NPSHa is measured at the inlet flange to the pump. If the fluid is going to move from this point into the suction eye of the impeller, the pressure must drop lower. Flow only goes from higher pressure to lower pressure. The amount of pressure needed to move the fluid from the inlet flange to the impeller eye is dependent on the design and operating conditions of the pump. It depends on flow rate and pump speed. This is generally determined experimentally. If a higher flow rate is required, more pressure drop is required. NPSHr must be tested at different flow rates to generate an NPSHr curve for the individual pump.

NPSHr is not the point where cavitation starts. Research "Incipient Cavitation". In order to be measured and documented, NPSHr is the point where the cavitation is sufficient to reduce the pump developed head by 3% (for most pumps) or 1% (for some high energy pumps, or if specified by purchaser). In either case, if NPSHr = NPSHa then there is already a significant amount of cavitation occurring. Thus, a margin is required in order to reduce the amount of caviation to an acceptable level.



Johnny Pellin

 

[Cray25]

Thank you I understand now. I had totally forgotten that there is some space between the inlet of the pump (where the gauge is) and the eye of the impeller, hence there is a pressure drop from the inlet to the impeller. So since we can't really measure the pressure directly at the impeller, we just have to test to see what inlet pressure initiates cavitation at the impeller; then that inlet pressure minus the vapor pressure is the NPSHr at that pump speed.

 

[LittleInch]

Cray.

Read what JJ is telling you.

NPSH is NOT cavitation point. It is simply the point at which differential pressure dec re ases by 3% because onset of cavitation is very difficult to measure but differential pressure is easy.

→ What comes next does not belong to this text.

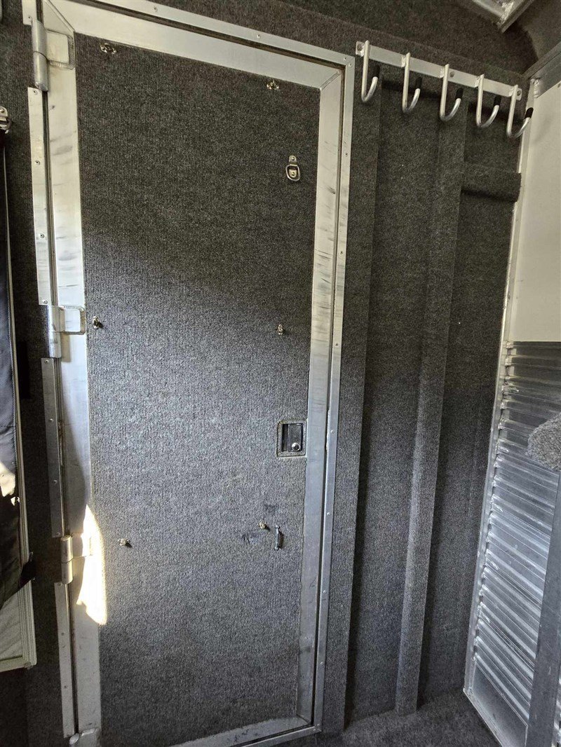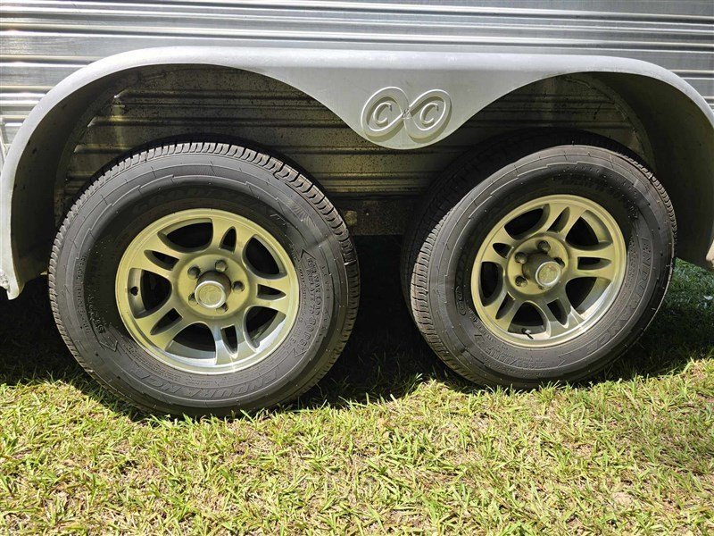 2000 C&C 2 horse all aluminum trailer with ramp & dressing room. 7’6″ inside height for tall horses. Trailer has a 2 camera system with in truck monitor, 11′ awning, new aluminum rims, almost new heavy duty trailer tires, fans on each horse, spare tire, custom screen for back opening. 2 escape doors, 2 saddle racks, bridle hooks, walk thru door to horse area. Axels blocked to accommodate newer trucks. All new LED lights. Solid, quality built trailer. Pulls great, horses load easily.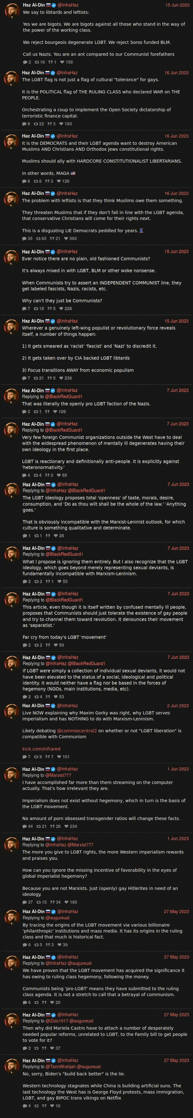 >Then there’s the moronic decision to make the chimera ants sympathetic by giving them arbitrary arcs when the dudes were trying to kill five million people for no reasonChimera ants are sympathetic because they inherit the traits of the species they consume, eg. eating humans backfired in the end, which is something Meruem acknowledges in his fight against Netero (saying the human ego disrupts the collective bond between ants). Sure they have no reason to kill people, but humans don't have a reason either. One of the points of the arc is to highlight the aribtrary nature of these conflicts. Chimera Ants are strong enough to kill an unarmed human, so they do that to increase the strength of their colony. An average ant with no intelligence doesn't need more reason. The problems start the more intelligent they get when they start eating humans. That I need to explain this to you on a supposedly leftist board is indicative of state of this shithole.

You could be spot on NPSHA = NPSHR and be busy cavitating like mad.

Always best to add at least 1m and 2 if you can

Remember - More details = better answers
Also: If you get a response it's polite to respond to it.

 

[Cray25]

Ok I think I finally get it. NSPHr marks the point when the inlet pressure gets low enough relative to the vapor pressure to cause about a 3% decrease in pump TDH. Cavitation had started at something slightly higher than NPSHr. So basically, you want to stay above NPSHr by a reasonable amount; you don't want to see NPSHr as the lowest safe bound. The lowest safe bound is actually like 10% above NPSHr. Sorry I wasn't really listening, but I think I've got it straight now. Thanks for the help.

 

[LittleInch]

Thats basically it.

It's always interesting asking a vendor if they have a cavitation curve as well as an npsh curve.

Sometimes it is close sometimes further away depending on flow.

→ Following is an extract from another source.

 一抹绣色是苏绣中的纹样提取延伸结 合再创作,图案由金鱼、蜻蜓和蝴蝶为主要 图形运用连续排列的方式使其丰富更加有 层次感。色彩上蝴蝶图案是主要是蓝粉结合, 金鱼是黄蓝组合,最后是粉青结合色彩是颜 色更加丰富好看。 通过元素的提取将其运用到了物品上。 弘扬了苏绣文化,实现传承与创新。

Remember - More details = better answers
Also: If you get a response it's polite to respond to it.

 

[Matt1309]

Hi, does any of you know of a tool that helps with NPSH calculation? I found this one, but it is only available in Spanish:

https://herramientasdeingenieros.com/calculadora-de-npsh/

Thanks!

 

[MechEngineer2012]

Cray25,

It should be:

NPSHa ≥ NPSHr
Where,
NPSHA = Psuction – Psaturation

NPSHa comes from the system while NPSHr comes from the pump. Note that you are comparing the differences of two pressures not the saturation pressure and suction pressure.

 

[LittleInch]

Matt1309.

You really need to start your own thread and not hijack someone elses dead thread.

Mech eng - the thread ended 5 months ago....

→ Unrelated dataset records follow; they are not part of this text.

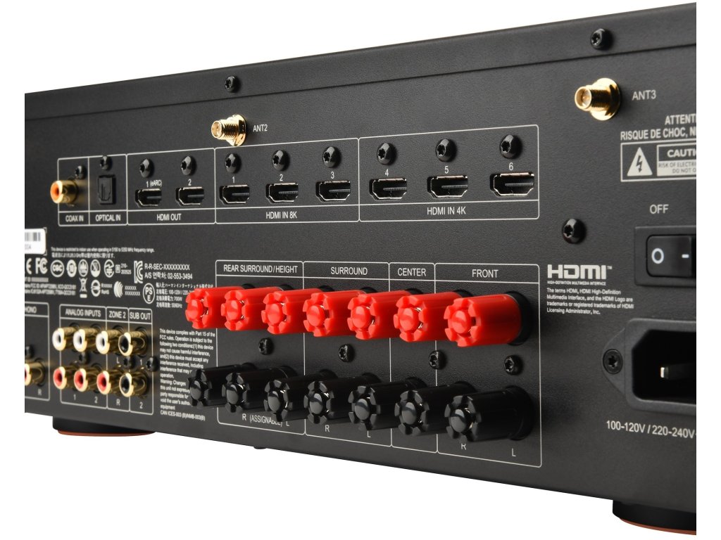 - Wejścia HDMI 2.1, HDCP 2.3: 3 z obsługą ultra HD wideo 8K / 60 Hz i 4K / 120 Hz, HDR 10+, Dolby Vision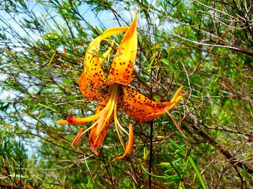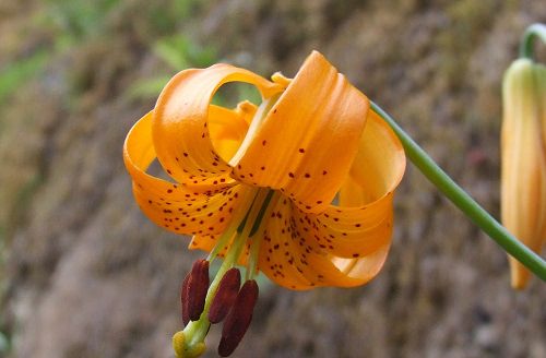The Columbian lilies can be seen in the open woods of western North America, The orange flowers are lightly fragrant and have dark spots on outward curled petals on 4-5 feet tall plant.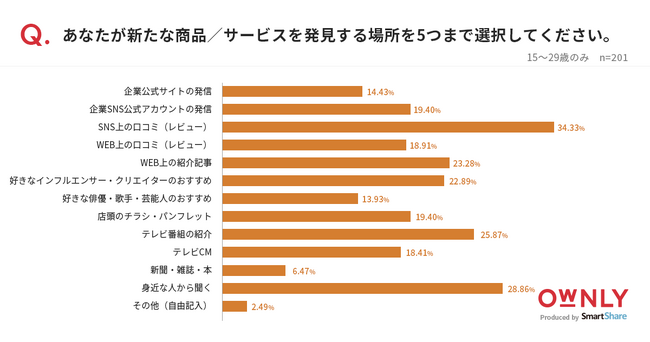 15歳から29歳までの世代に絞ると、「SNS上の口コミ(レビュー)」という回答が最も多く34.33%でした。「Z世代」と呼ばれる若い世代は子供の頃からSNSが世の中に浸透しており、SNSの利用率が95%以上という調査結果もありました。利用率の高さと利用時間の長さは、新たな商品を発見するチャンスの増加につながっていると思われます。

Remember - More details = better answers
Also: If you get a response it's polite to respond to it.

 

[MechEngineer2012]

LittleInch:

Thank you for letting me know that.
I didn't notice the date of the post itself and just replied since it was on top of the posts. I wonder why Matt1309 didn't create a new post. I will let the Admins decide on what to do with last few responses.

 

[Matt1309]

Sorry, my mistake! I really didn't mean to hijack somebody else's thread...
MechEng, thanks a lot for your answer

 

[georgeverghese]

Pump NPSHr is not just dependent on pump speed and flow. A lesser known fact is that it is also related to the density of the fluid being pumped. Pump manufacturers publish standard NPSHr curves based on water, and many users tend to incorrectly use these for other fluids also. If you cannot get the manufacturer to give you NPSHr plots for your service fluid, see Perry Chem Engg Handbook 7th ed for approximate corrections.

 

[moideen]

i have prepared a formulated excel sheet for calculating the NPSHA. add the value on yellow marked box.

 

[shashankTurbomachine]

NPSHA= Hstatic+ H atm + H velocity -H vapour pressure- Hfriction losses
As you see from the above equation that NPSHA is dependent on vapour pressure.
SUppose, the fluid is boiling the Hatm will be equal to H vapour pressure and both cancels out each other, as in case of boiler feed pump.
Hence BFP application the static head should be high and the velocity shall be more in order to acheive the the difference between NPSHA and NPSHR.
ALso note that in case of suction lift H static is negative.


Hope the above clarifies.



A well phrased question has answers in itself!!!